I still love EPCOT Center too, and I miss it dearly. It's a shell of its former self.

Anonymous said...

Okay, I finally remembered to get that Wired magazine. I can't type the whole interview, which is interesting, so I'll just put in the final question, which regards EPCOT.

The interview is with Danny Hillis designed ride technology for Imagineering.

WIRED: Walt envisioned Epcot as the ultimate interacive space. It was supposed to be a place where people lived and had a real stake--the Experimental Prototype Community of Tomorrow.

HILLIS: I never met Walt; when I talk about him, I'm talking about the virtual Walt. But if you watch the Epcot film from 1967, you see the genuine Walt, the Carousel of Progress Walt, excited about the future and where we're heading. But he died before anyone else understood what he meant. They gave up and turned it into what they knew how to build: a theme park. If he'd lived, we would have gotten an experimental city.

This is interesting because Hillis (I call him Danny) points out that even the EPCOT that was built in the '80s was not correct, not what Walt had meant when he described EPCOT. This is true. But at least it was a DIFFERENT theme park, and one that's being slowly turned into nothing special.

Charles G said...

Great writing. Thanks for putting up this blog!

Anonymous said...

So, the Living Seas getting Nemo characters, but primarily starring Crush and Mr. Ray over the rest of the cast, is deemed "Absolute Pixarification" of the parks. Granted Wonders of Life just becoming a blatant opportunity to show Pixar characters without any well thought idea of how the characters could bring guests the universal theme of the pavillion and how it affects us and just be to sell crap would be bad. But the thing is, at least with Nemo, they are still telling of the oceans life which by all means was the general theme of Sea Base, though Sea Base of course told of the wonders man had yet to find.

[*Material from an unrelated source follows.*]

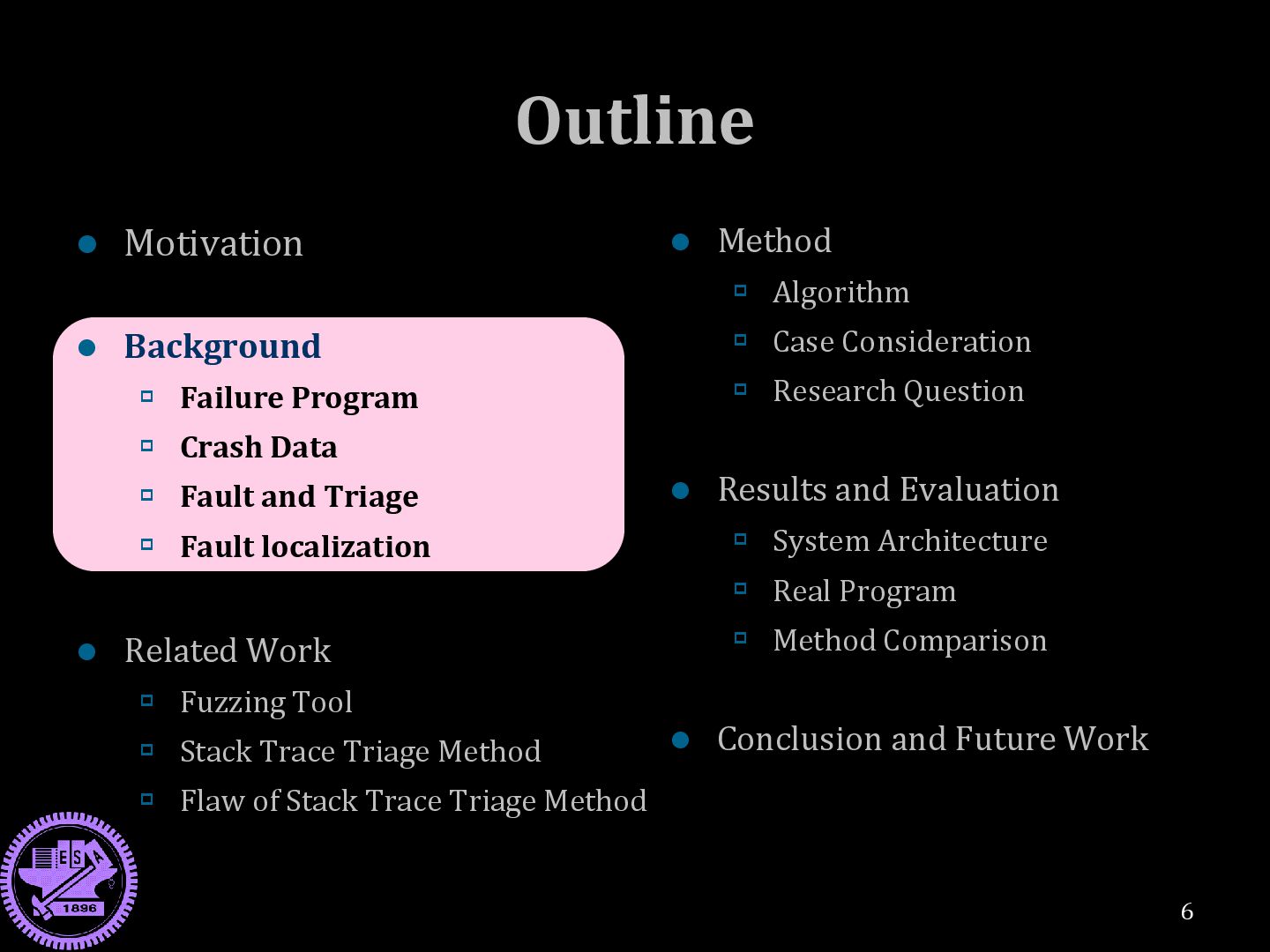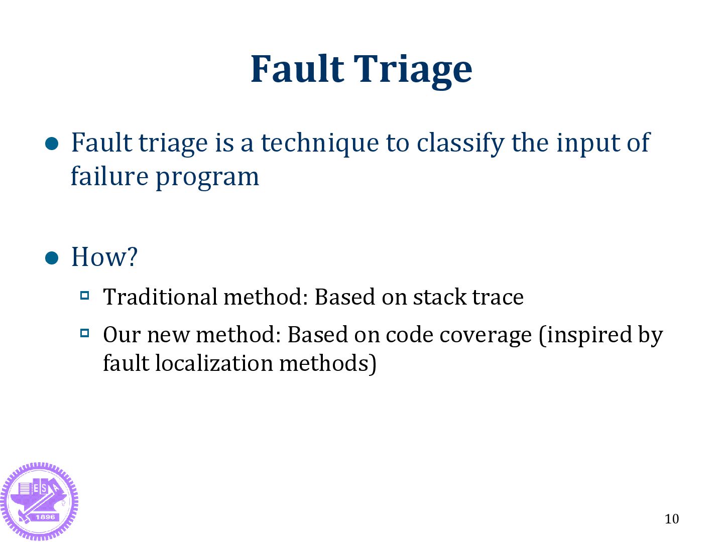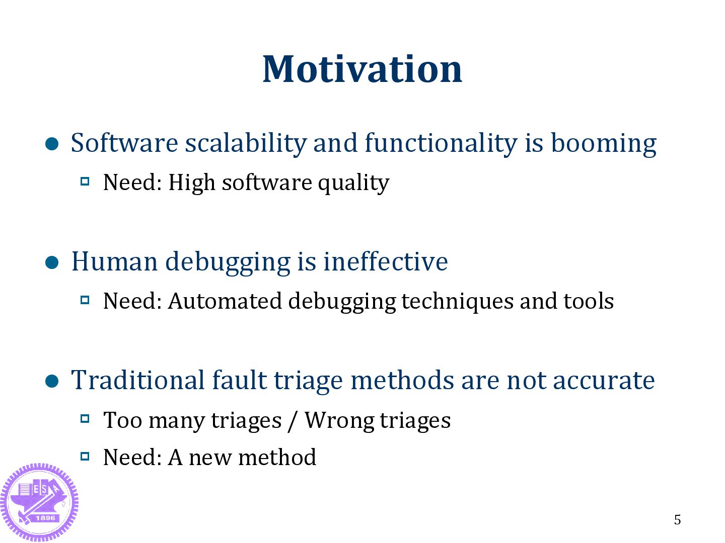 High software quality Human debugging is ineffective Need: Automated debugging techniques and tools Traditional fault triage methods are not accurate Too many triages / Wrong triages Need: A new method 5

For a blogger concerned about Epcot, why the hell haven't you spoken about the mess Imagination is become? The Institute is total crap and a really bad substitute for Figment and Dreamfinder's good old Dreamport. And have you seen the condition old ImageWorks is in? Mostly intact with broken old monitors being stored up there. Clean up the place and it would be easy to reopen...

Anonymous said...

I have to admit... I don't even go to Epcot anymore. My wife hates it, my kids hate it. And I can only remember how it once was...

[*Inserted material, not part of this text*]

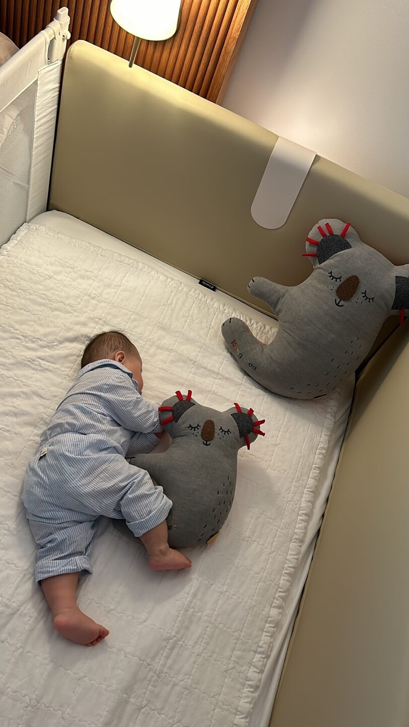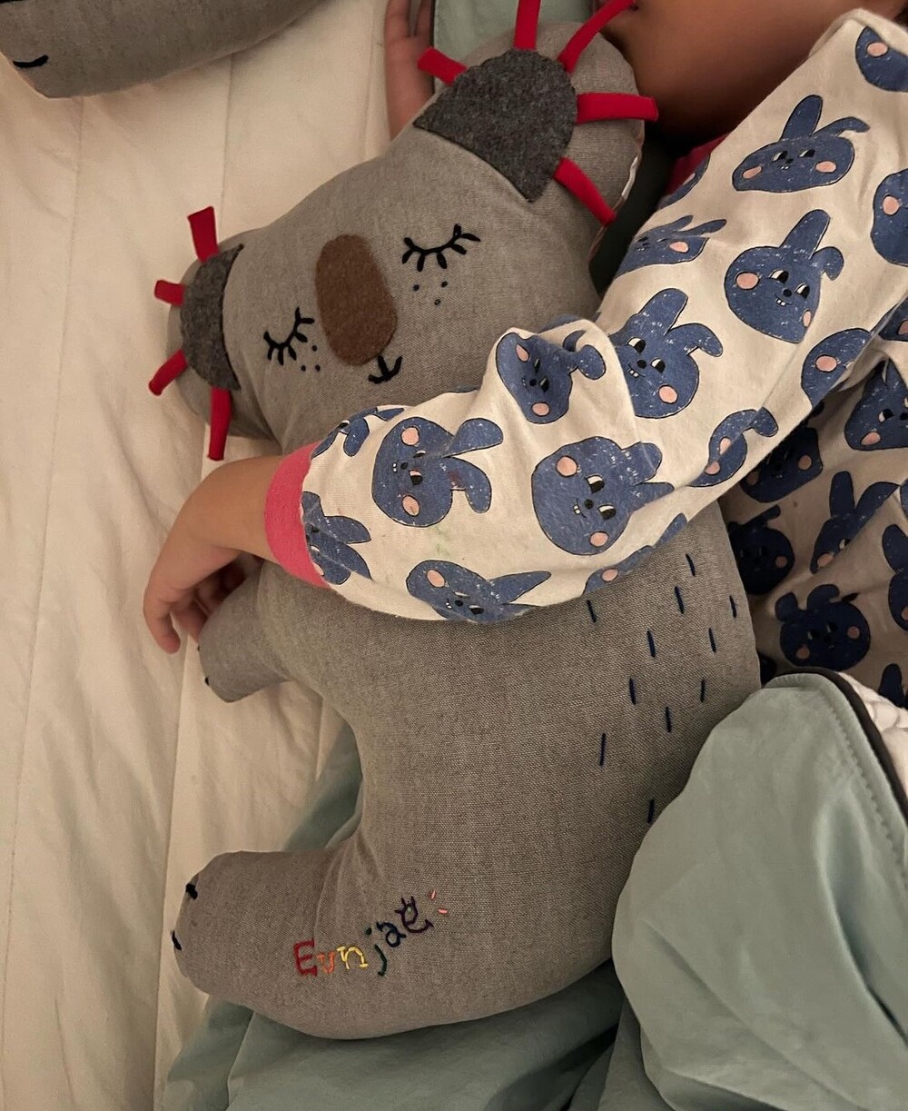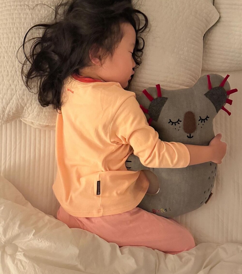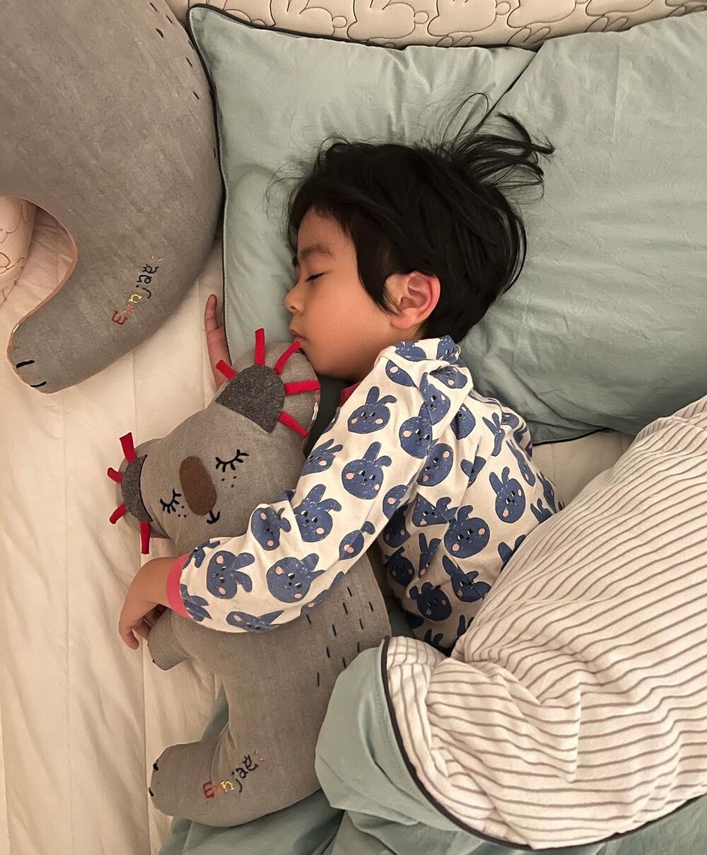 튀어나온 라벨을 만지면서 잠들었던 아이

Ir depresses my way too much. And the "World" NEEDS EPCOT. Can you imagine going to only MK, AK, and MGM? Wow. Talk about giving Universal Studios a better chance to be competetive to WDW.

jahosifatz said...

You literally have extruded the words out of my mouth. I long for the days of walking into the park and hearing that so familiar entrance music, seeing the acrylic Epcot emblem above the water and boarding Space Ship Earth. As I have mentioned in numerous posts throughout cyberspace is that Disney is stealing Epcot's identity and making a clone of MK. Epcot was great, in that it wasn't a "Disney" Park. Any association to the mouse was left out the gate, and that was a great idea. The MK is such an intangible fantasy, that you don't expect any type of realism, but at Epcot, we were witnessing the future, and it was something to behold. Now, it's just another MK, with animated movie characters prancing about.